Recommender Systems with Users in the Loop
Recommender systems have come to serve as the “homepage” for users to access informational items such videos, music, books, etc. Existing recommender systems are built on implicit feedback, e.g., user click to learn user preference given its availability in large volumes. However, implicit feedback captures preference on a user’s first impressions and intentions, neglecting experienced and shifting user interests. Moreover, as socio-technical systems, recommender systems have been criticized as amplifiers for “filter bubbles” and “echo chambers” due to the feedback loop they create which reinforces users’ beliefs and preferences. Few user control mechanisms have been proposed as part of the system to combat the unwanted user and social outcomes. Existing approaches to modify recommendations to better conform with users’ intentions are either inconvenient or ineffective. In this presentation, I will introduce two pieces of my previous work that attempt to address the above problems. In the first work, we leverage post-click feedback as a generalization of implicit feedback, for example, skips in consuming music and videos, to improve content recommendations. In the second work, we focus on a specific form of user control, that is time-sensitive data filtering initiated by users, and investigate how such user control would affect recommendation performance.

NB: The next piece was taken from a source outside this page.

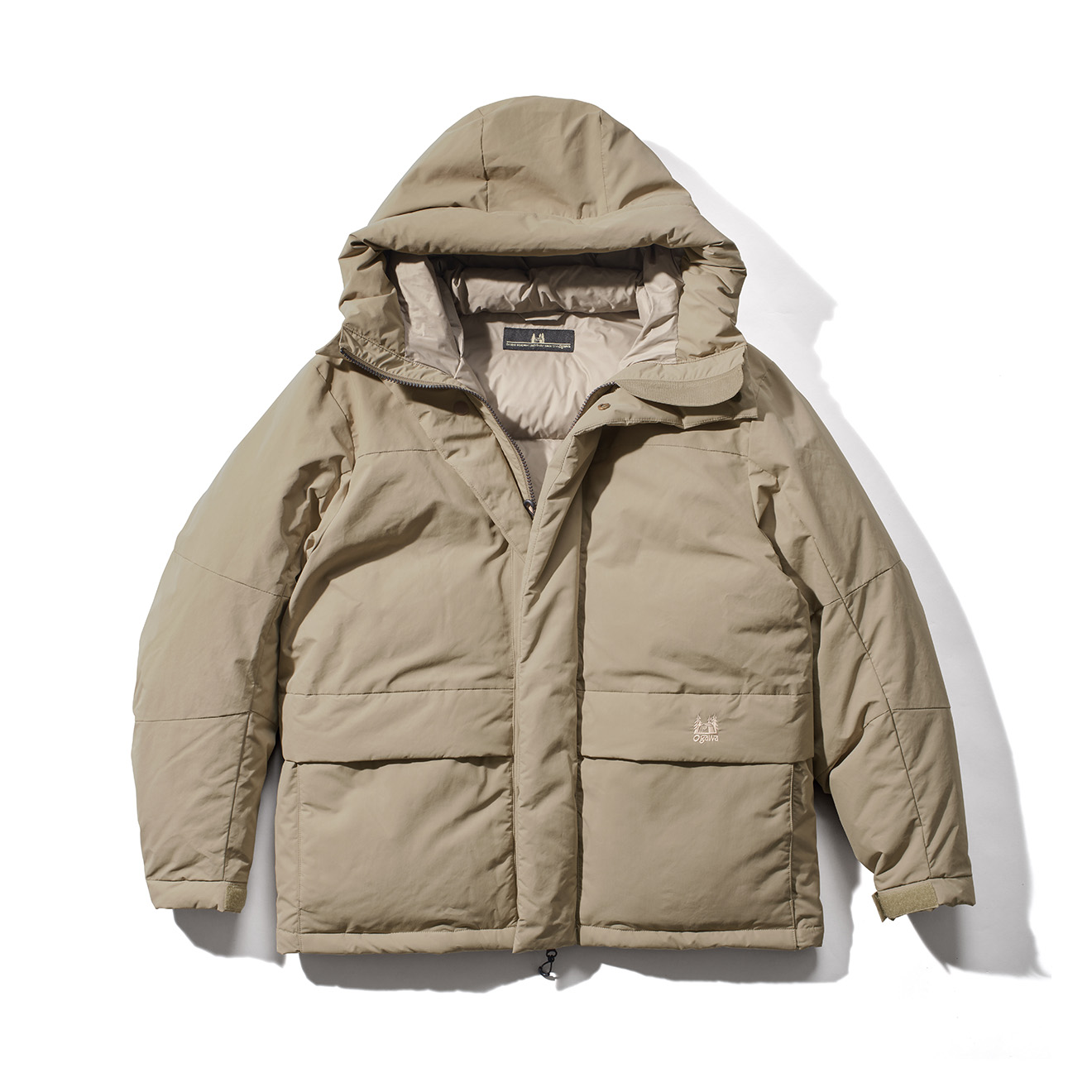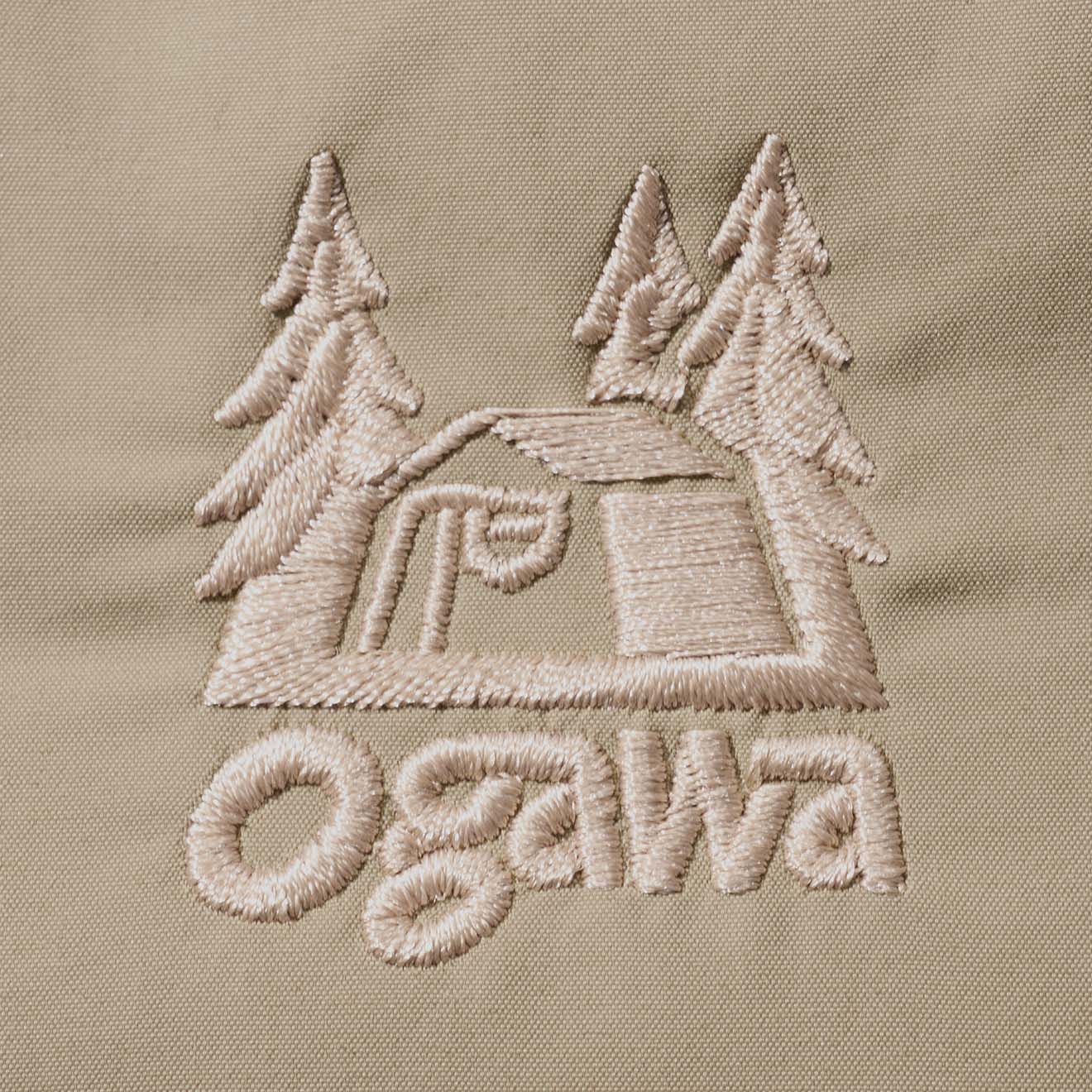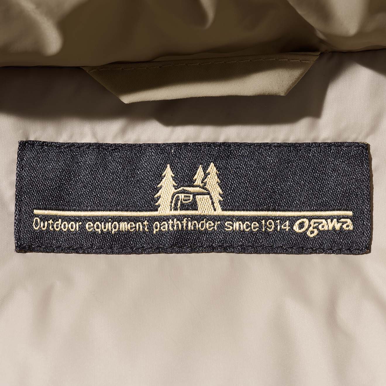左のポケットフラップにはロッジロゴ刺しゅう、襟元には織ネームつき

Hongyi Wen is an Information Science PhD student at Cornell Tech working with Prof. Deborah Estrin. His research focus is on user-centric recommendation systems that incorporate effective and sustainable user-control mechanisms. He is interested in developing socially-responsible personalization systems towards diverse, fair and privacy-aware. As a DLI fellow, Hongyi will study how implicit or explicit manipulations on recommendation outcomes can be mitigated by improving algorithmic and user-facing system designs.